About this task: Below are some entries; reproduce them exactly and leave every picture out.

Stored items
BEGIN

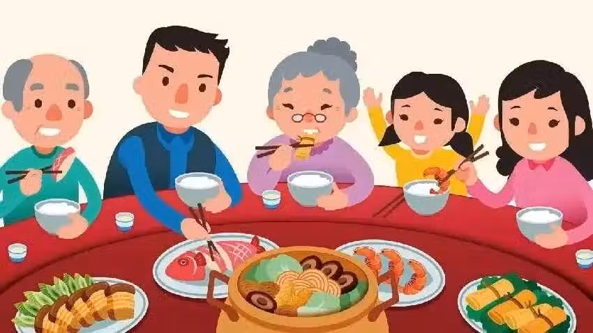 年夜飯象徵團圓,桌下放火爐,旁擺8枚錢幣寓意財運興旺。
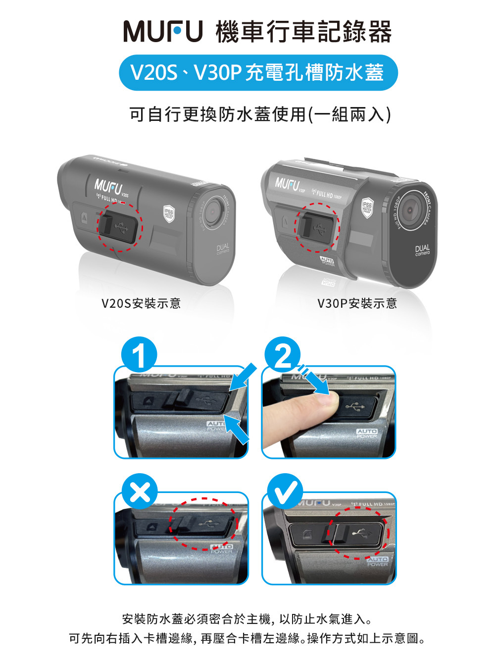 若不小心遺失原本標配的充電孔防水蓋,可以自行購買此配件,一組兩個。可自行更換防水蓋使用,安裝防水蓋必須密合主機,以防水氣進入。
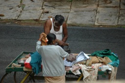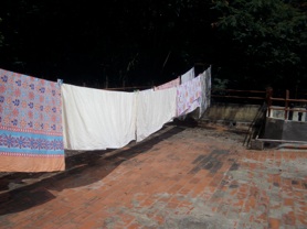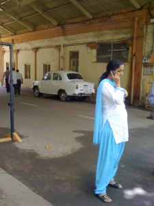 - I meet our Fulbright-appointed facilitator, who was able to come to the FRO this time. He suggests that we take an auto-rickshaw directly to the notary, even though she is not answering her phone. Perhaps by the time we arrive she will be there. This auto ride was fascinating, because we took numerous twists and turns through tiny alleys, attempting to find the right address. People’s wet laundry wiped the side mirrors of our auto – which is itself a very narrow vehicle, so that tells you how narrow were the alleys. Many times we asked passers-by or other drivers for directions. The great thing about these open-air autos is that it is a very social experience.
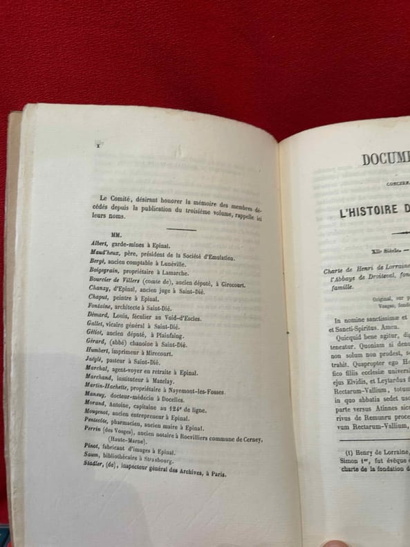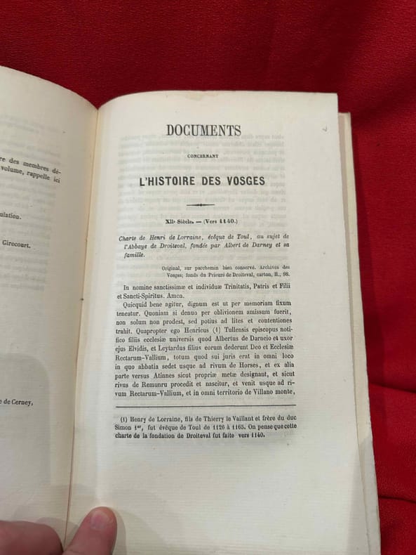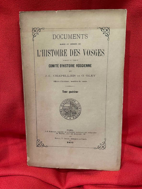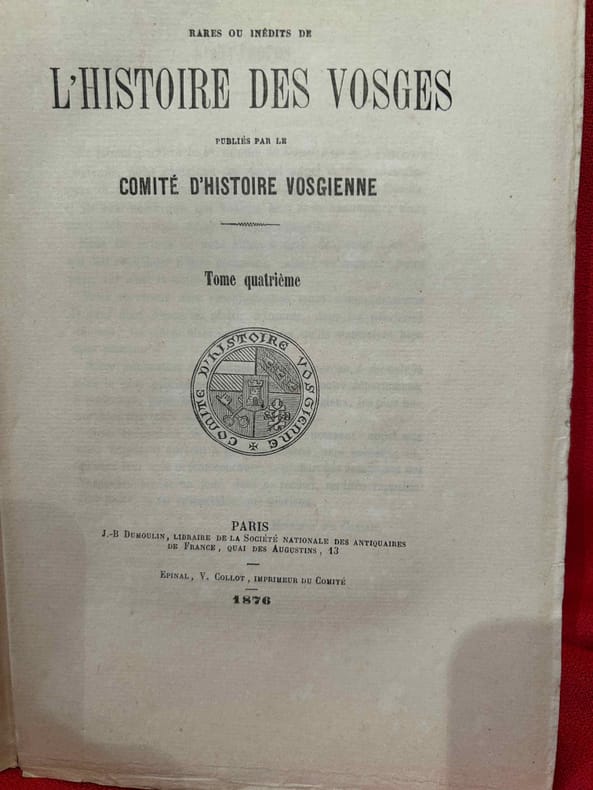 Paris, Jean-Baptiste Dumoulin, Libraire de Société nationale des antiquaires de France, 1877 ; n-8 (151 x 239 mm), 370 pp., broché (non coupé). Publié par le Comité d’Histoire vosgienne.
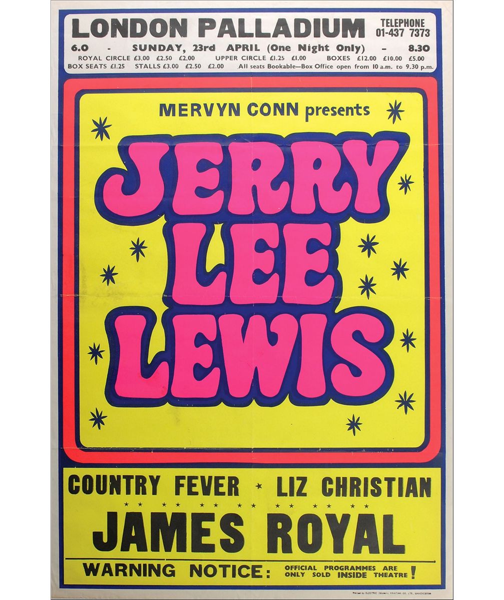 Colorful 20 x 30 poster for Lewis’s April 23 concert at the London Palladium, presented by Mervyn Conn, and also featuring Liz Christian. Previous intersecting storage folds, scattered edge creases and dings, and some light soiling, otherwise fine condition. Rolled.
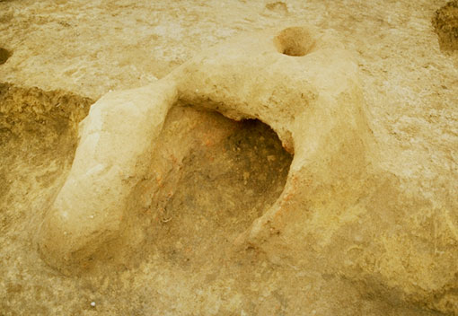 粘土とローム層を混ぜた土で竃を構築しています。煙道が残る状態の良い竃でした。第12b号住居跡の床面を一部切ってつくられています。
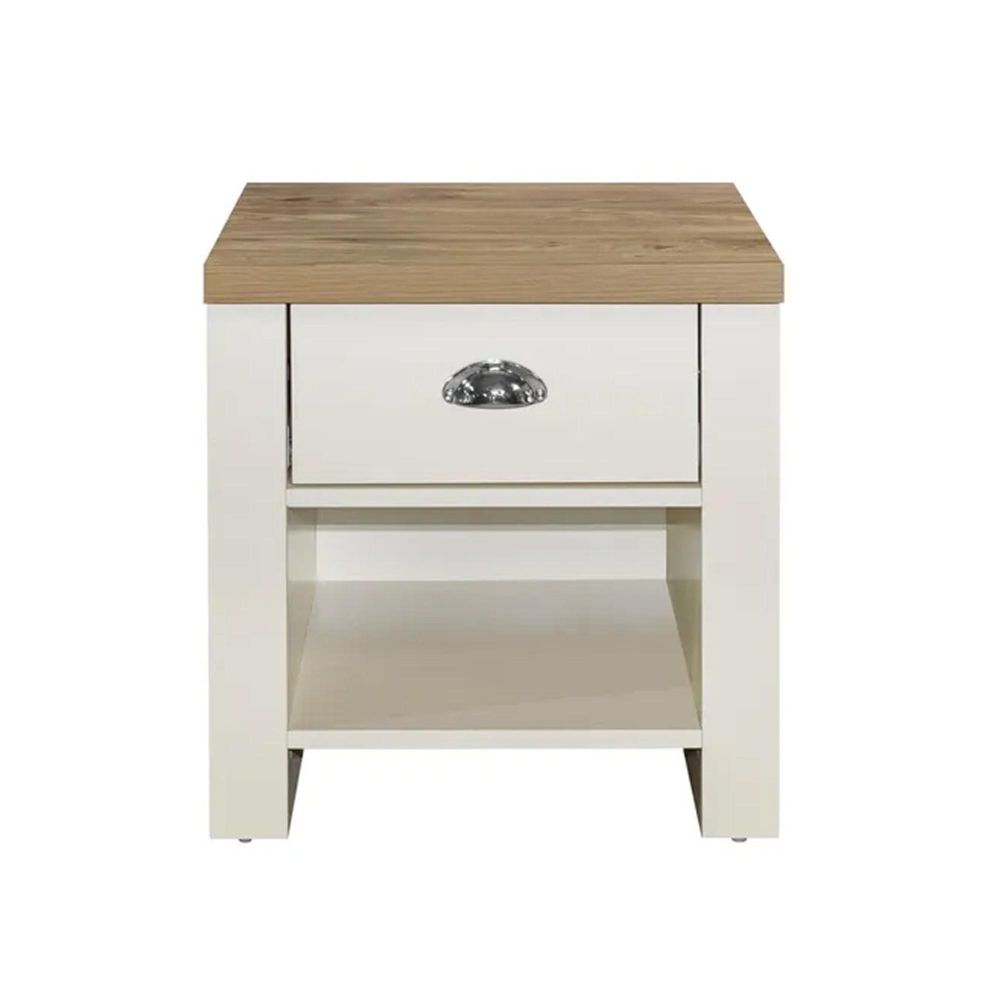Item Code: HIG1LTCRO Inspired by classic farmhouse furniture the Highgate range has been designed to complement both modern and traditional homes.The Highgate range is modern, practical, affordable furniture and with stylish silver handles looks fantastic too.Available in cream & oak, grey & oak and navy & oak this range will suite a wide array of interiors.Bringing contemporary style and practicality to your home, this Highgate 1 Drawer Lamp Table is great for storage and decoration.Featuring a handy drawer with a satin silver handle and a useful storage shelf underneath, this is a great place to store your favourite nighttime read or a comforting lamp.Care instructions: Wipe carefully with a soft, dry cloth.The internal measurements of this lamp table are 319mm height by 212mm wide.This item is listed as clearance and available on first come first serve basis once ordered can not be cancelled.
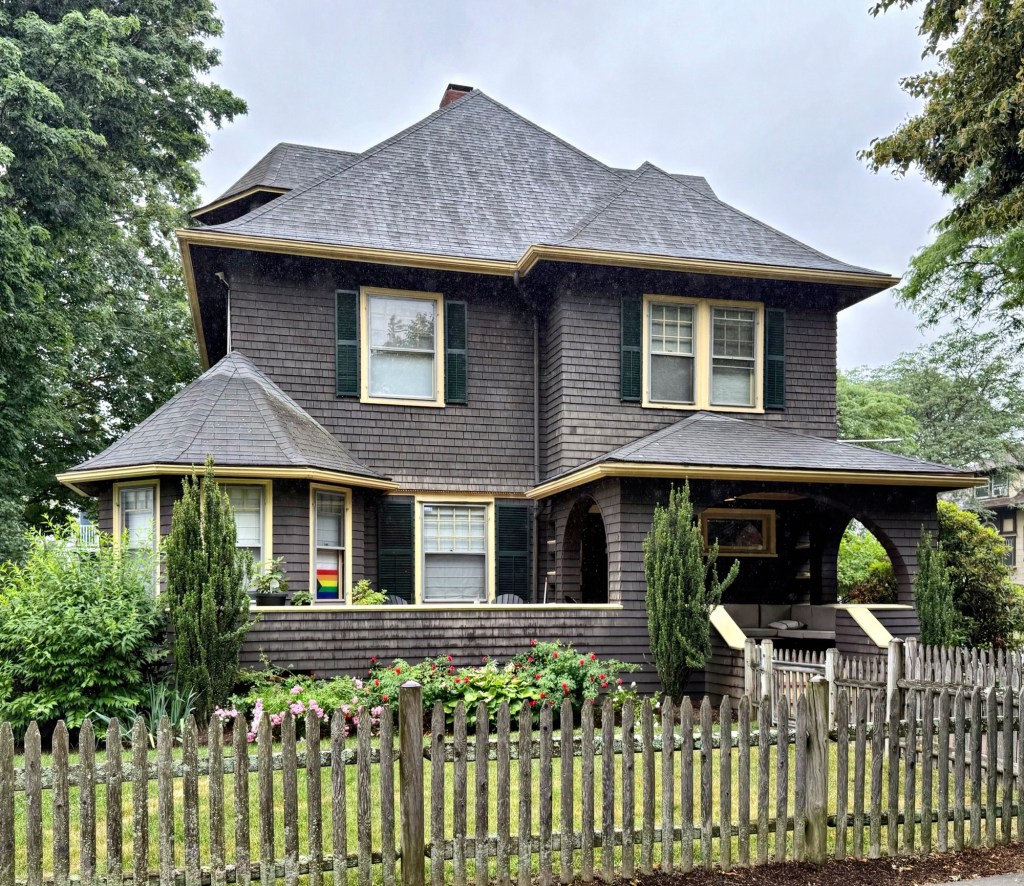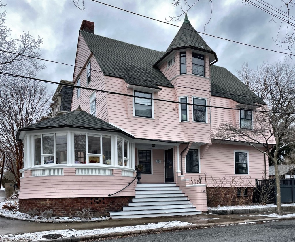 Talk about a statement! This pink, Shingle style house is located at 140 Brown Street in the fashionable College Hill section of Providence, Rhode Island. Built in 1890 for William and Katherine Crandall, the Shingle style residence stands out for its cantilevered two-story tower and corner rounded porch at the corner, and of course the continuous shingled facades. William T. Crandall was the president of the Union for Christian Work, a religious charitable institution which provided aid to needy children in Providence. Augustus R. and Ida W. Peirce would board in the home for decades, and were likely family, inheriting the property upon Katherine’s death in 1932. The architect could not be located.
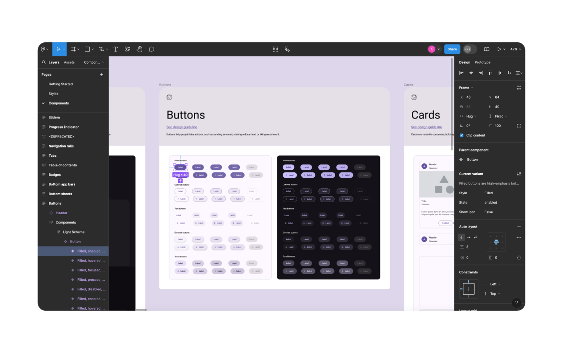 - Additional resources: For designers to actually use and design with the components and libraries, a design file is required (usually in Figma). Resources such as logos, typefaces and fonts, and icons are usually also included for designers and developers to use.
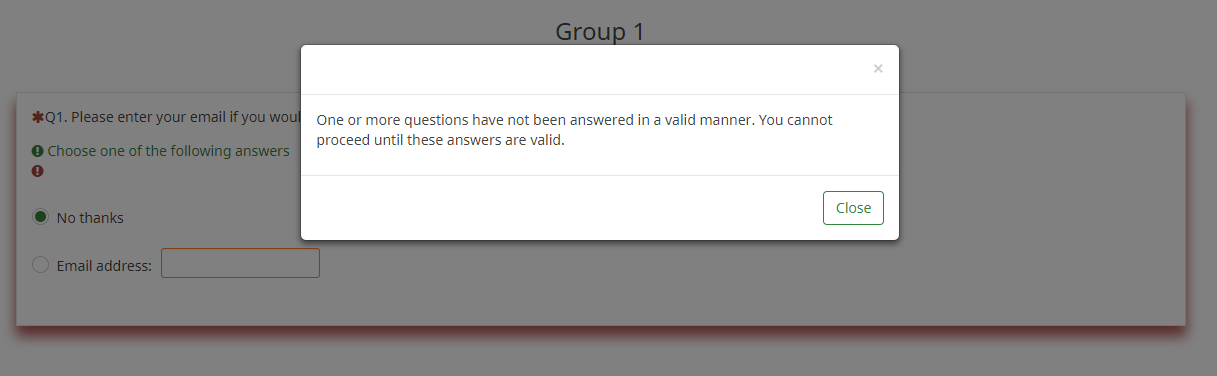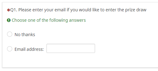 regexMatch('/^(\w[-._+\w]*\w@\w[-._\w]*\w\.\w{2,3})$/', Q1_other)) AND (!is_empty(Q1_other)) OR (Q1=="A1")

END

Output of the task:
 年夜飯象徵團圓,桌下放火爐,旁擺8枚錢幣寓意財運興旺。
 若不小心遺失原本標配的充電孔防水蓋,可以自行購買此配件,一組兩個。可自行更換防水蓋使用,安裝防水蓋必須密合主機,以防水氣進入。
 - I meet our Fulbright-appointed facilitator, who was able to come to the FRO this time. He suggests that we take an auto-rickshaw directly to the notary, even though she is not answering her phone. Perhaps by the time we arrive she will be there. This auto ride was fascinating, because we took numerous twists and turns through tiny alleys, attempting to find the right address. People’s wet laundry wiped the side mirrors of our auto – which is itself a very narrow vehicle, so that tells you how narrow were the alleys. Many times we asked passers-by or other drivers for directions. The great thing about these open-air autos is that it is a very social experience.
 Paris, Jean-Baptiste Dumoulin, Libraire de Société nationale des antiquaires de France, 1877 ; n-8 (151 x 239 mm), 370 pp., broché (non coupé). Publié par le Comité d’Histoire vosgienne.
 Colorful 20 x 30 poster for Lewis’s April 23 concert at the London Palladium, presented by Mervyn Conn, and also featuring Liz Christian. Previous intersecting storage folds, scattered edge creases and dings, and some light soiling, otherwise fine condition. Rolled.
 粘土とローム層を混ぜた土で竃を構築しています。煙道が残る状態の良い竃でした。第12b号住居跡の床面を一部切ってつくられています。
Item Code: HIG1LTCRO Inspired by classic farmhouse furniture the Highgate range has been designed to complement both modern and traditional homes.The Highgate range is modern, practical, affordable furniture and with stylish silver handles looks fantastic too.Available in cream & oak, grey & oak and navy & oak this range will suite a wide array of interiors.Bringing contemporary style and practicality to your home, this Highgate 1 Drawer Lamp Table is great for storage and decoration.Featuring a handy drawer with a satin silver handle and a useful storage shelf underneath, this is a great place to store your favourite nighttime read or a comforting lamp.Care instructions: Wipe carefully with a soft, dry cloth.The internal measurements of this lamp table are 319mm height by 212mm wide.This item is listed as clearance and available on first come first serve basis once ordered can not be cancelled.
 Talk about a statement! This pink, Shingle style house is located at 140 Brown Street in the fashionable College Hill section of Providence, Rhode Island. Built in 1890 for William and Katherine Crandall, the Shingle style residence stands out for its cantilevered two-story tower and corner rounded porch at the corner, and of course the continuous shingled facades. William T. Crandall was the president of the Union for Christian Work, a religious charitable institution which provided aid to needy children in Providence. Augustus R. and Ida W. Peirce would board in the home for decades, and were likely family, inheriting the property upon Katherine’s death in 1932. The architect could not be located.
 - Additional resources: For designers to actually use and design with the components and libraries, a design file is required (usually in Figma). Resources such as logos, typefaces and fonts, and icons are usually also included for designers and developers to use.
 regexMatch('/^(\w[-._+\w]*\w@\w[-._\w]*\w\.\w{2,3})$/', Q1_other)) AND (!is_empty(Q1_other)) OR (Q1=="A1")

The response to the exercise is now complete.